L’assemblage des communautés microbiennes est donc extrêmement sensible aux variations à court terme de températures, de pH du sol, et de disponibilité des ressources (Berg and Smalla, 2009). Cependant, l’effet réciproque des micro-organismes sur les variations des conditions édaphiques demeure inconnu, et pourrait faire l’objet de recherches supplémentaires par exemple par transplantation de sols de situation thermique en situation nivale et inversement, couplé à une mesure des nutriments.

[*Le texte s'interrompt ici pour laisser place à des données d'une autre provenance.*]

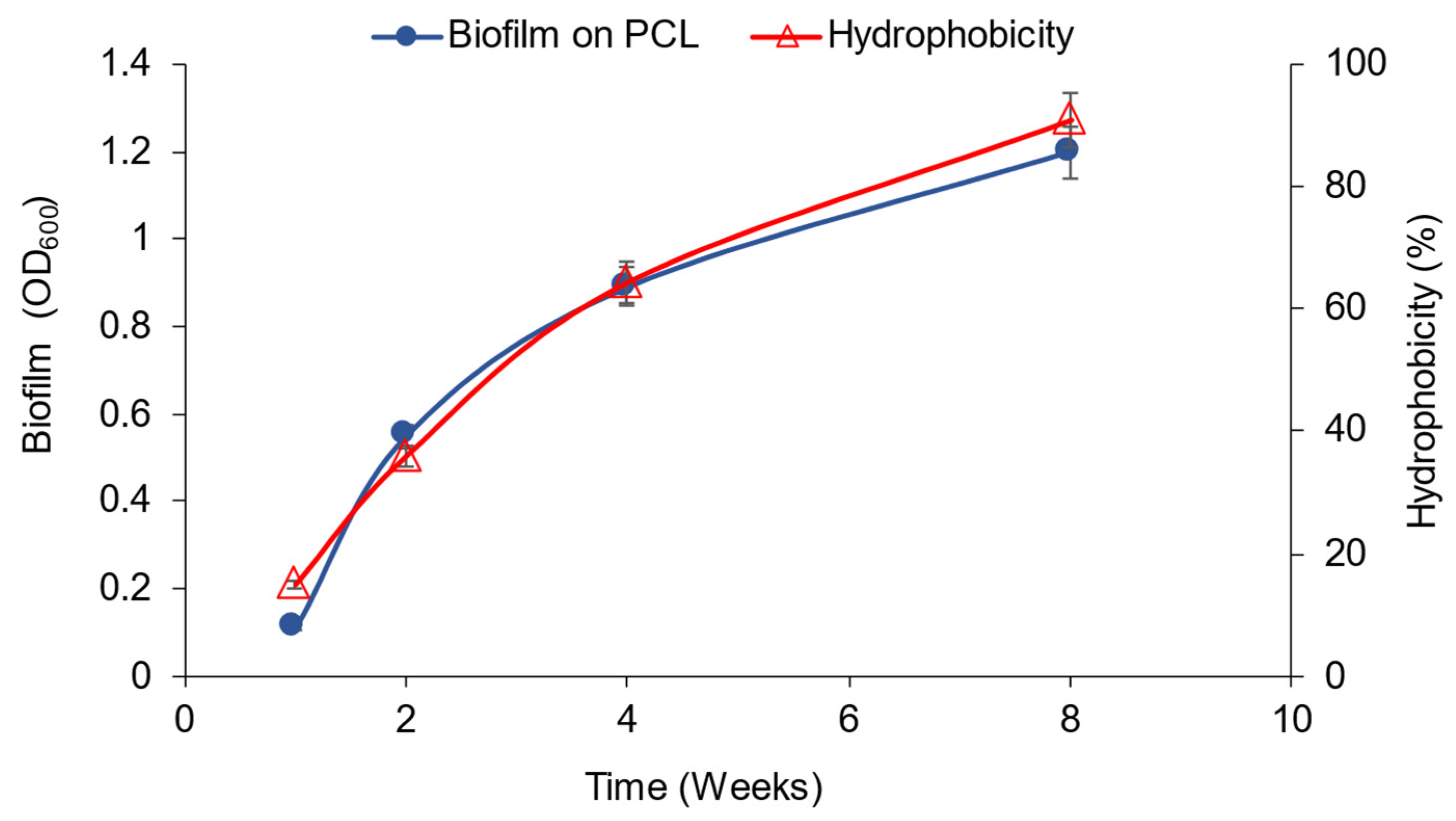 Visible biofilm on the surface of the plastic beads was observed after the fifth day of cultivation and increased during the cultivation, with the highest value at the end. The biofilm increased from OD600 = 0.11 (after the first week) to OD600 = 1.20 (after the eighth week), coinciding with the culture’s hydrophobicity rise.

Enfin, les fluctuations saisonnières des conditions édapho-climatiques apparaissent déterminantes sur la diversité β des communautés bactériennes (Annexe B). Dans un contexte de réchauffement global, une modification des rythmes saisonniers pourrait, à terme, profondément affecter cette diversité. Bien que nous n’ayons pas établi de relation entre ce rythme saisonnier et la diversité β des communautés fongiques, les effets du réchauffement global pourraient également avoir un impact significatif sur l’assemblage de ces communautés et potentiellement négatif sur la diversité des champignons observée en situation nivale (Fig. 22).